Make the Dressing: In a microwave-safe bowl, warm the peanut butter and honey for 10–20 seconds. Stir until smooth. Add in grated ginger, soy sauce, red wine vinegar, sesame oil, olive oil, and Sriracha. Mix until creamy. Thin with water or more oil if needed. Taste and adjust spice.

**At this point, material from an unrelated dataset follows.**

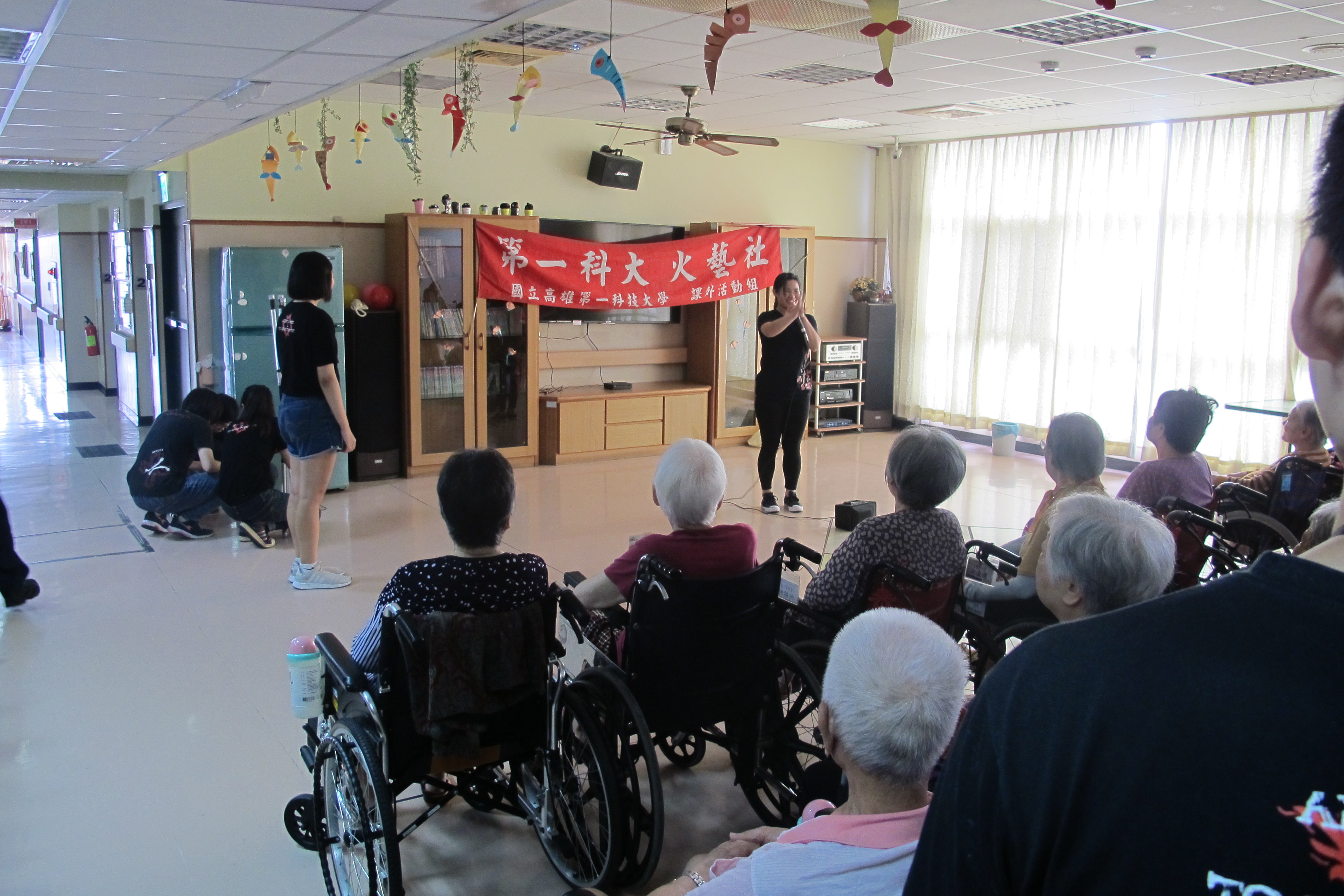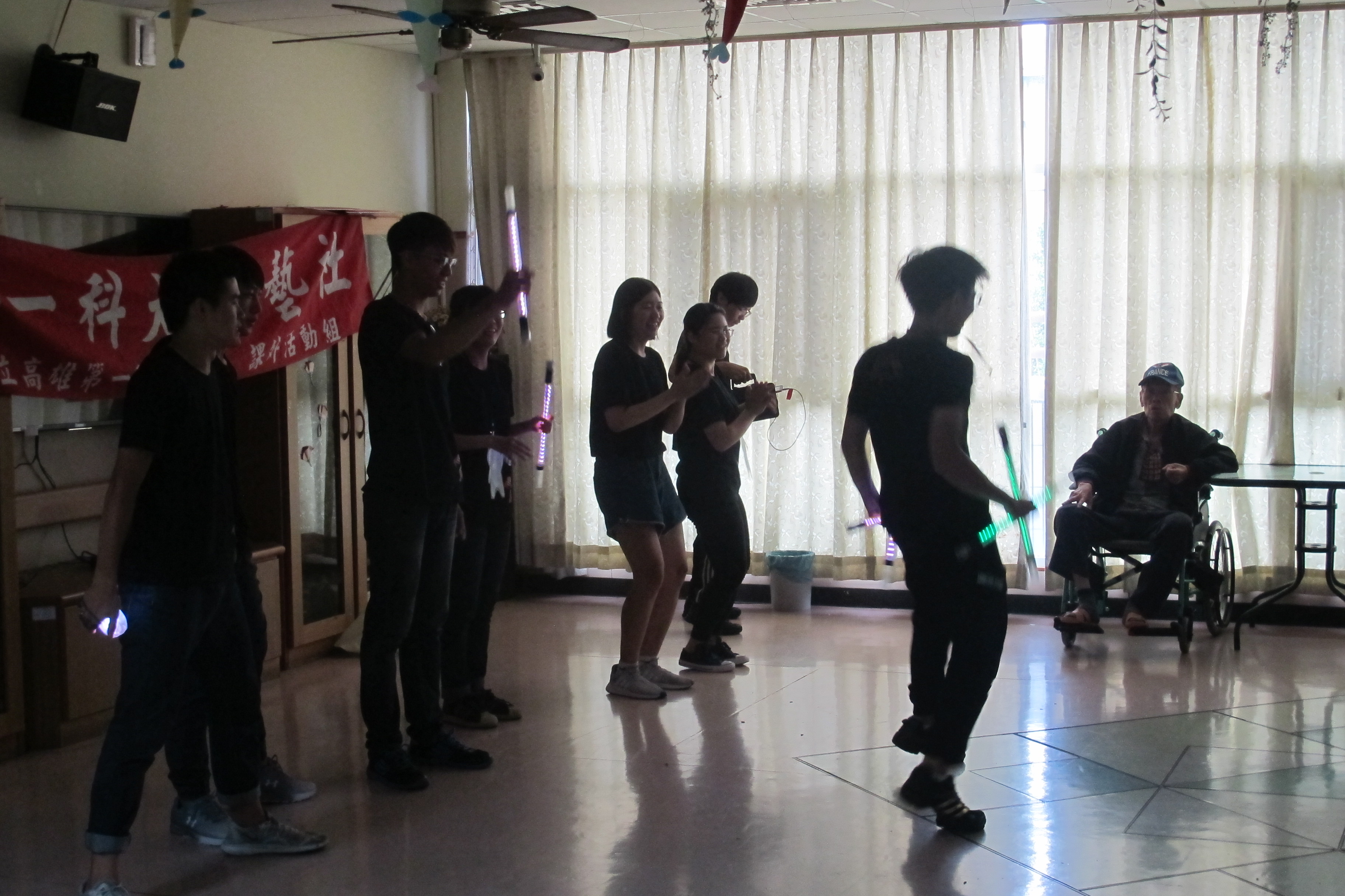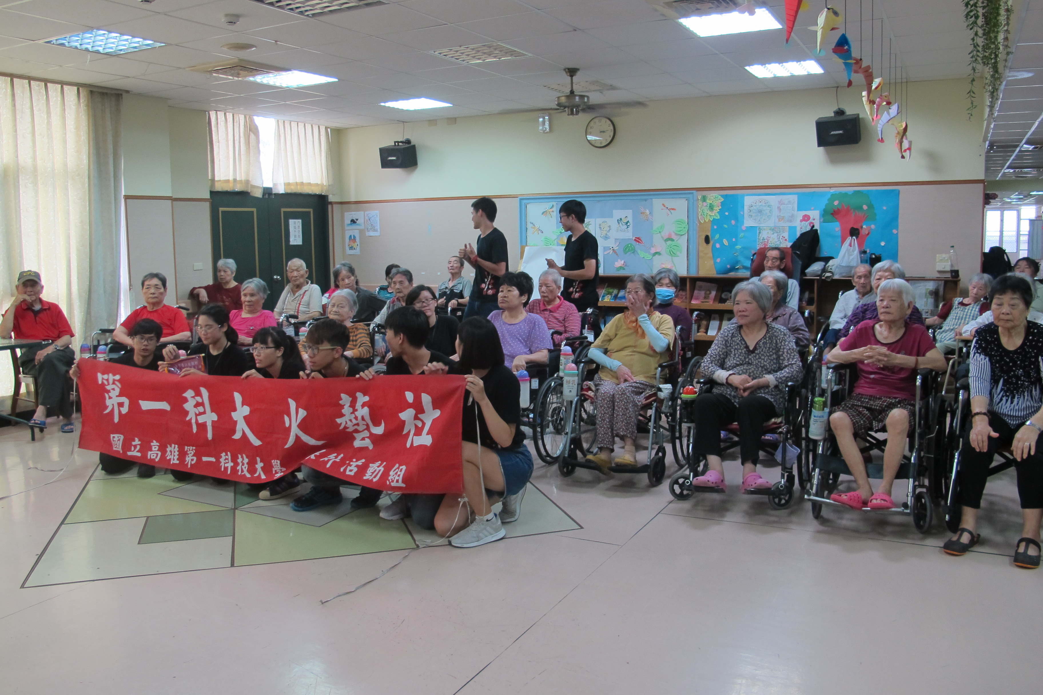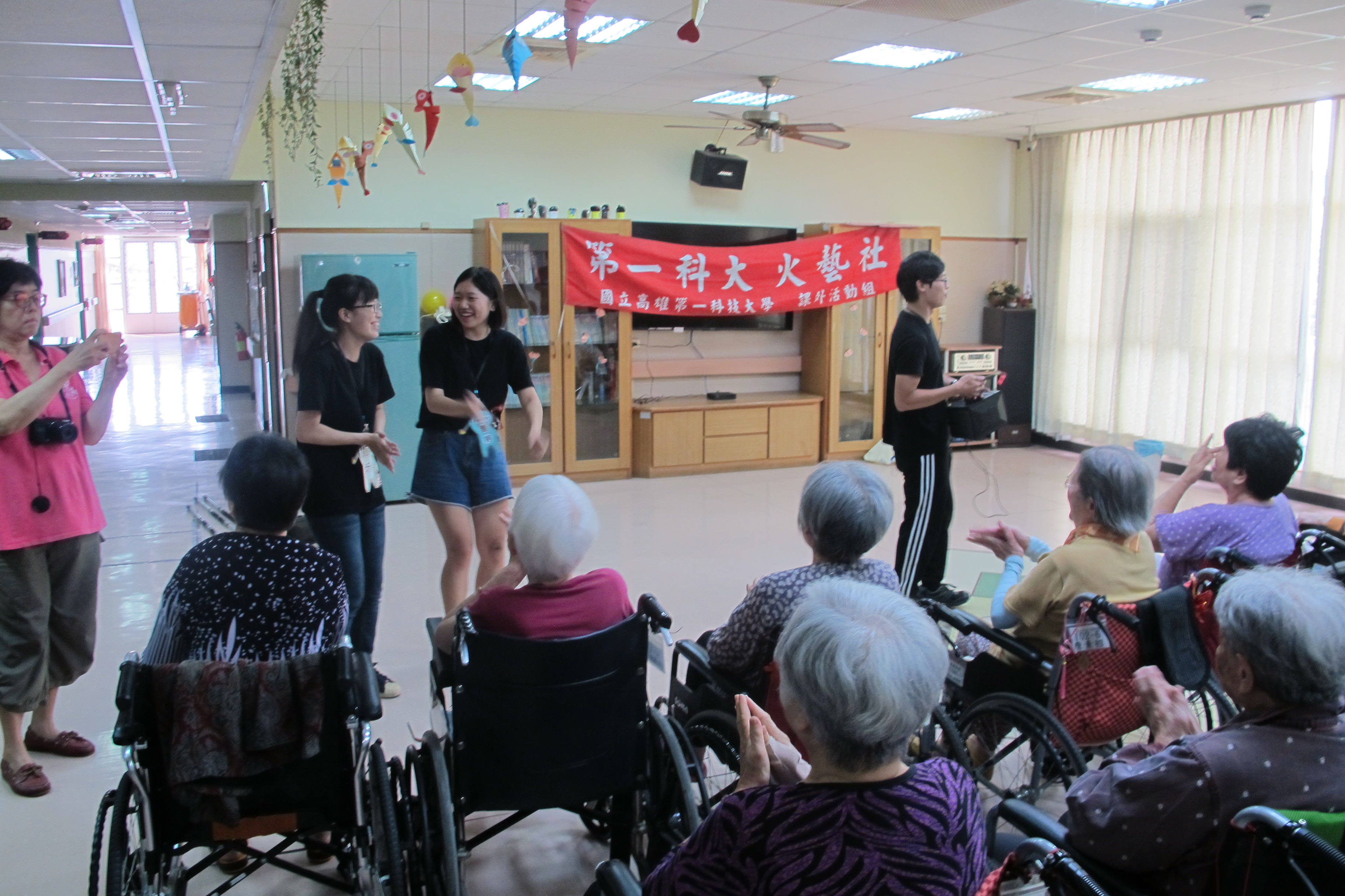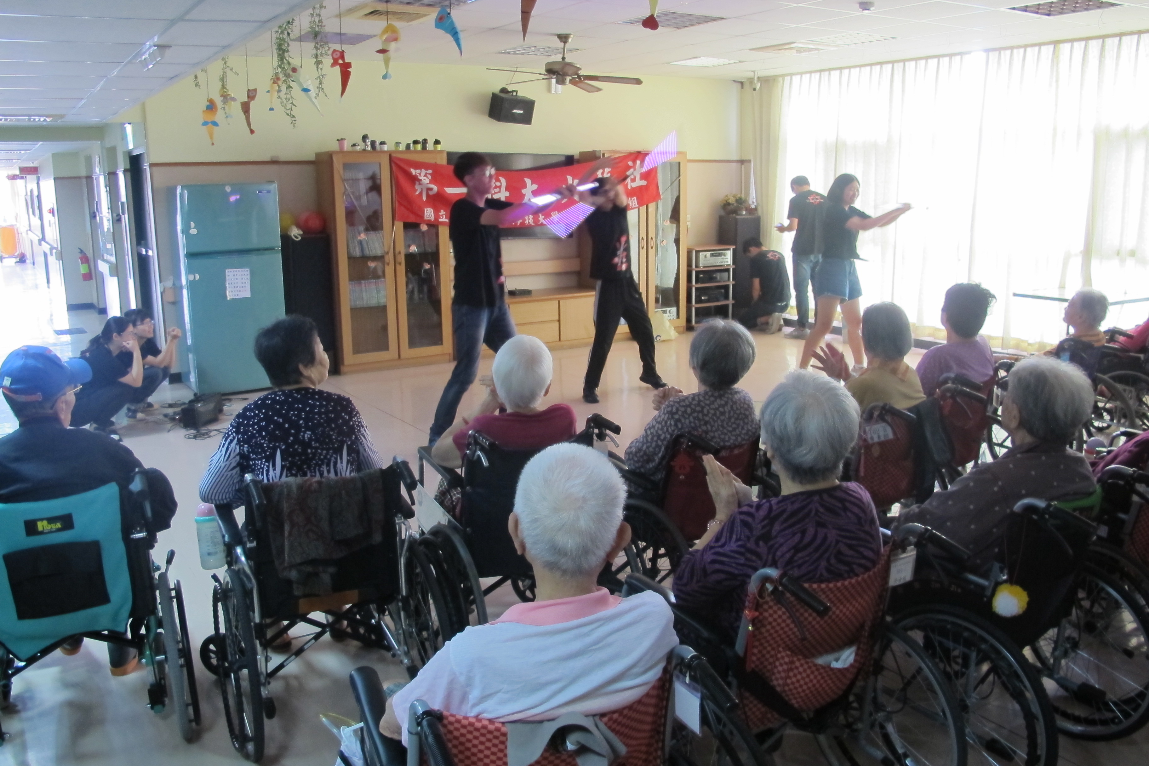 服務項目 活動剪影 志工團體 2018-08-07-高雄科大火舞表演 今天下午非常榮幸地邀請高雄科大的火舞藝術社學生來表演,在開頭充滿活力的自我介紹後,開始一系列精彩的表演,復古老歌與現代火舞完美的融合,讓許多長輩們沉浸在精湛的舞藝表演中,同時也帶動唱,讓長輩們開心地互動,在充滿歡笑聲中度過一個美好的下午。 返回

Toss the Quinoa: Drizzle half of the dressing over the cooled quinoa. Toss to coat evenly.
Assemble the Salad: In a large bowl, combine cabbage, bell pepper, red onion, carrots, edamame, and cilantro. Add in the dressed quinoa and toss well.
Finish & Serve: Add in the cashews and green onions. Drizzle remaining dressing to taste. Serve chilled or at room temperature. Enjoy!
Notes
Make it vegan by swapping honey for maple syrup.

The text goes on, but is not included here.